Dugaan Gratifikasi Jet Pribadi Kaesang, Refly Harun: Wajib Diklarifikasi

JAKARTA – Pakar Hukum Tata Negara Refly Harun menilai dugaan gratifikasi seputar penyelenggaraan jet pribadi oleh Kaesang Pangarep kemudian Erina Gudono wajib diklarifikasi. Hal itu terlepas dari apakah Kaesang merupakan pejabat rakyat atau sebagai sosok yang berkaitan dengan pejabat publik.

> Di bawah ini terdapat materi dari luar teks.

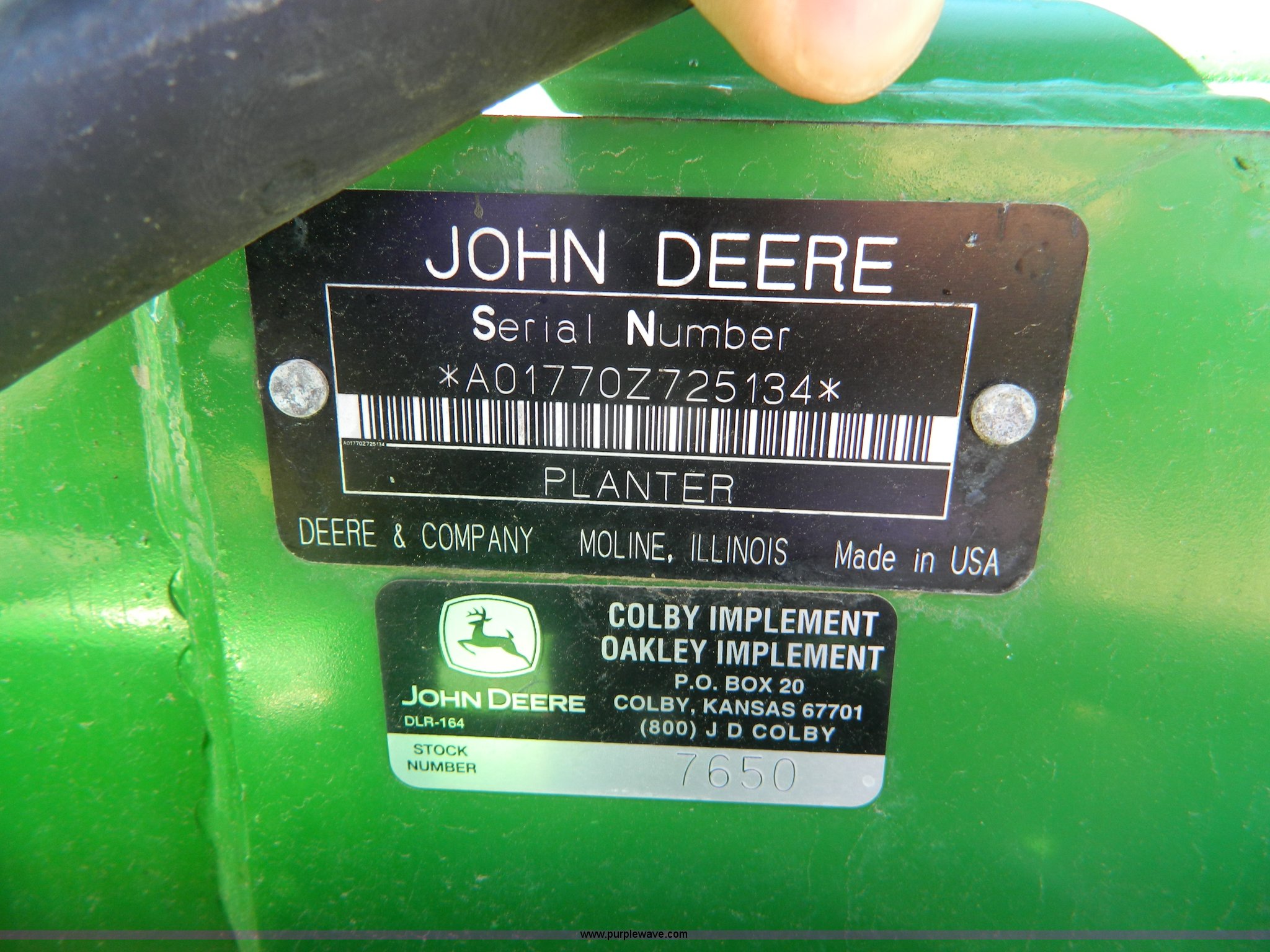 2008 John Deere 1770NT CCS planter. 12 row units, 30" row spacing, Hydraulic front fold, Pro Series row unit, Bulk fill system, Air delivery, Seed boxes, Hydraulic meter drive, Corn seed meters, Pneumatic down pressure, Martin row cleaners, Seed firmers, Double disk openers, Double rubber spiked closing system, 350 gallon liquid fertilizer tank Seed firmer application Insecticide boxes, Three point, 10.00-15 transport tires, Operator's manual, Additional parts included Unused seed firmers, TruCount air clutch system will be removed and replaced with factory standard parts, No additional seed boxes included, Serial A01770Z725134. Ross B Sloan Trust. Colby, KS 67701

“Prosedurnya adalah kalau ada hal-hal seperti ini, baik segera diberikan terhadap pejabat umum yang mana bersangkutan maupun terhadap pihak lain yang tersebut diperkiraan terkait dengan pejabat publiknya, maka itu wajib diklarifikasi,” kata Refly Harun pada acara Rakyat Bersuara dalam iNews, Rabu (11/9/2024).
Refly pun memacu aparat penegak hukum seperti Komisi Pemberantasan Korupsi (KPK) untuk menyebabkan terang polemik ini. Apalagi, tambah dia, gratifikasi merupakan perbuatan yang tersebut diatur di undang-undang.
“Kalau gratifikasi itu pasca diklarifikasi dibolehkan ya telah selesai, case closed. Tapi kalau pasca diklarifikasi ternyata tiada diperbolehkan atau bahkan diduga suap maka lain persoalannya,” ungkap dia.
Dia juga menyinggung apabila ada indikasi suap pada praktek gratifikasi tersebut, maka mereka yang mana terlibat bahkan bisa saja dihukum. Ia mengatakan hukumannya bisa jadi mencapai kurungan penjara seumur hidup.
“Kalau ini dapat diindikasikan suap maka hukumannya enggak main-main lhoo, hukumannya itu seumur hidup atau hukuman 4-20 tahun penjara, jadi ini perihal yang bukan sepele,” pungkasnya.